What is expected
Give again, word for word, the line holding "In manchen Gneisen" and every line after it through the end of the data below. Omit pictures.

Provided data
--- START ---

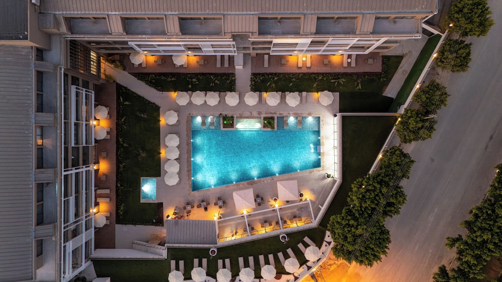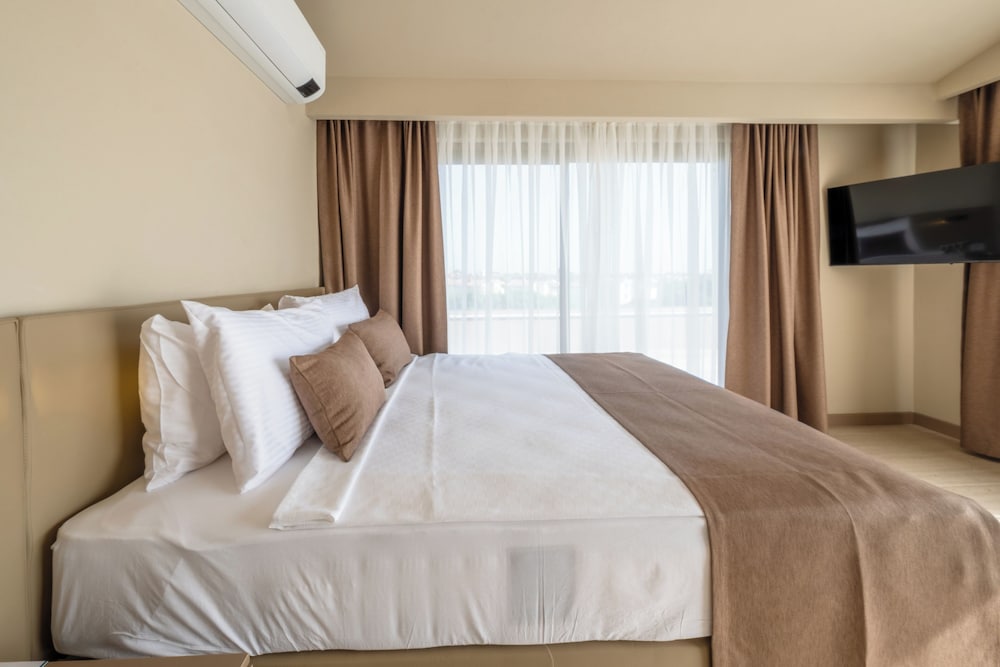 New aparthotel has fabulous pool area. Lovely and clean. Only negative was the irritating loud piano style pool music at 9.30 in the morning that could be heard on the balcony and in the room if the doors were open
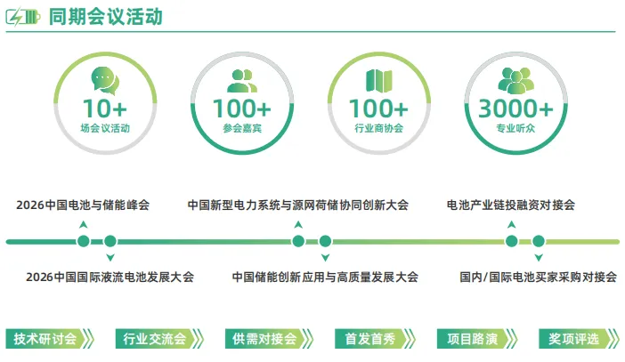 本届展会期间将举行“2026中国国际液流电池发展大会”、“中国储能创新应用与高质量发展大会”和多场平行论坛、新品发布、资源对接、颁奖典礼等配套活动,围绕新型电力系统和新型能源体系建设、新型储能、电池、绿色智算、水风光储氢一体化、绿色能源、充换电等行业热点,邀请电力能源、电池技术领域权威专家进行深入交流,探讨绿色能源新技术、新模式、新业态,助力能源产业数字化、智能化、绿色化转型,实现高质量发展。
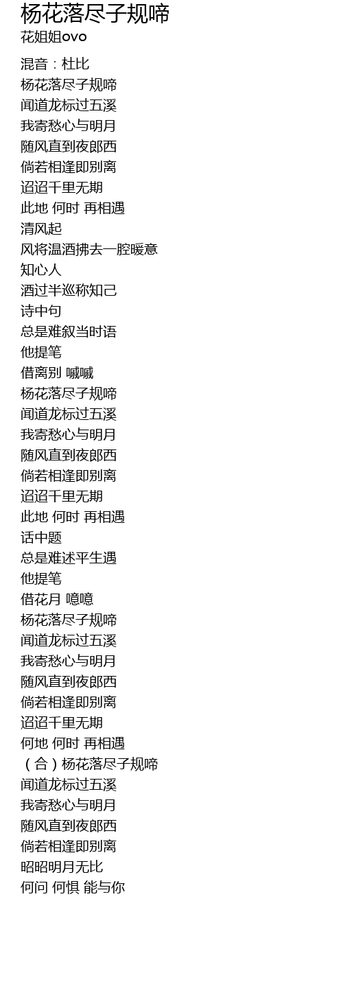 | [03:04.452] | (合)杨花落尽子规啼 |
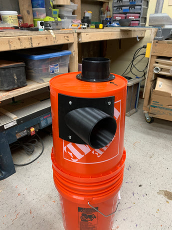 Denna sidomonterade cyklondammavskiljare är utformad för att förvandla en vanlig 23-liters hink till ett effektivt dammuppsamlingssystem. Den fästs på sidan av hinken och möjliggör anslutning av en 10 cm slang, vilket ger en kompakt och funktionell lösning för dem med begränsat verkstadsutrymme.
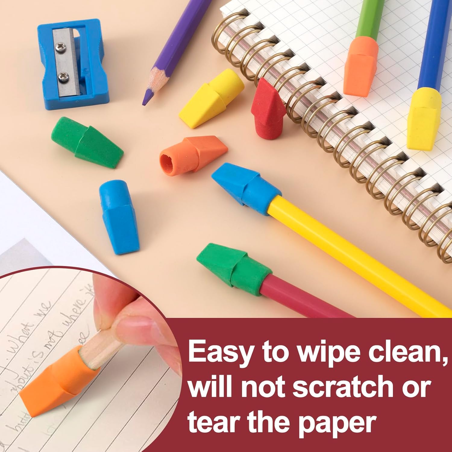 - Well Made: These cute pencil cap erasers is made of high quality TPR, confortable to touch, easy to remove pencil marks without no scratching or tearing of paper.
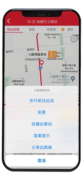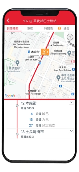 搜寻得到巴士路线结果,除了会列出沿途车站外,另有分页以地图显示巴士线,班次时间表和乘客信息。
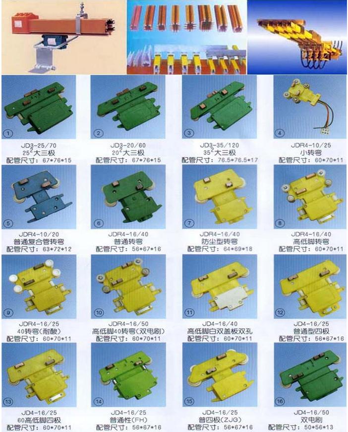 選用滑觸線集電器的時(shí)候,首選集電器最好是考慮和滑觸線相配套,不要亂用集電器,否則會影響行車的正常運(yùn)行,嚴(yán)重了會燒壞滑觸線。集電器上面的靴片是由含銅碳基壓制而成的,購買后要檢查與滑線的吻合型。由于集電器本身屬于易耗品,長期使用會磨損靴片,所以要定期檢查,集電器上面靴片的磨損程度,并定期更換。
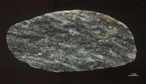 In manchen Gneisen sind die Minerale in flache Ebenen
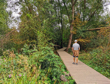 The overall route is very level, with no steep gradients encountered. While most of the paths used are wide and well-made, they can be uneven and potholed in places. Mud and puddles are likely on certain sections. The ‘Detours and trail updates’ section below also describes some diversions and an exit route in the event of flooding.
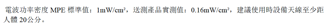 The standard value of radio wave power density MPE: 1mW/cm², the actual measured value of the product sent for testing: 0.16mW/cm², it is recommended that the device antenna be at least 20centimeters away from the human body when used.
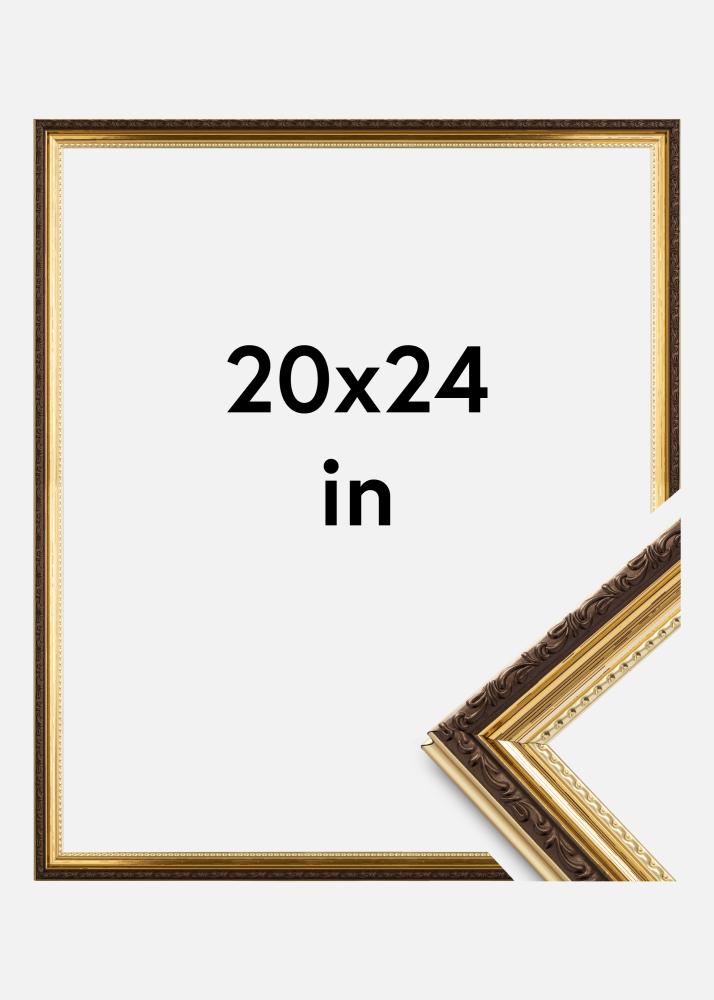 Hľadáte krásne zdobený rám v staršom štýle? Abisko Akrylátové sklo Zlato je robustný zlatý rám s neuveriteľne štýlovými ornamentami. Rám má 25 mm široký profil s lesklou zlatou farbou a zdobeným hnedým okrajom v strede. Aj zlatá časť je zdobená, s vlnitým vzorom najbližšie pri skle.
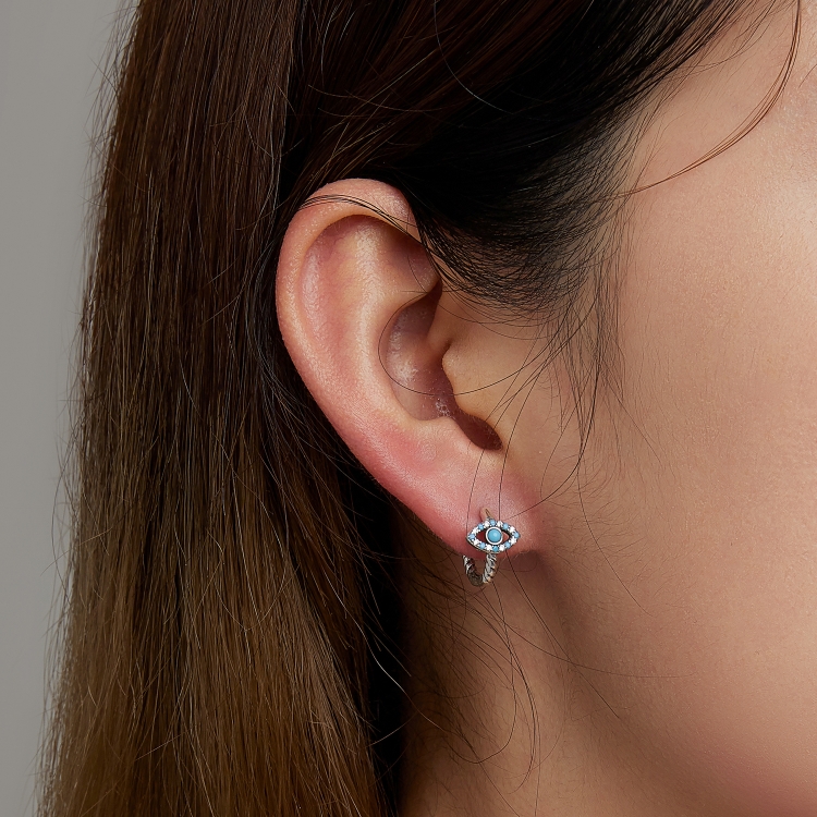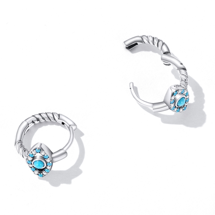 S925 Sterling Silver Turquoise Devil Eye Ear Buckle Women Earrings

--- END ---

Answer box
 In manchen Gneisen sind die Minerale in flache Ebenen
 The overall route is very level, with no steep gradients encountered. While most of the paths used are wide and well-made, they can be uneven and potholed in places. Mud and puddles are likely on certain sections. The ‘Detours and trail updates’ section below also describes some diversions and an exit route in the event of flooding.
 The standard value of radio wave power density MPE: 1mW/cm², the actual measured value of the product sent for testing: 0.16mW/cm², it is recommended that the device antenna be at least 20centimeters away from the human body when used.
 Hľadáte krásne zdobený rám v staršom štýle? Abisko Akrylátové sklo Zlato je robustný zlatý rám s neuveriteľne štýlovými ornamentami. Rám má 25 mm široký profil s lesklou zlatou farbou a zdobeným hnedým okrajom v strede. Aj zlatá časť je zdobená, s vlnitým vzorom najbližšie pri skle.
 S925 Sterling Silver Turquoise Devil Eye Ear Buckle Women Earrings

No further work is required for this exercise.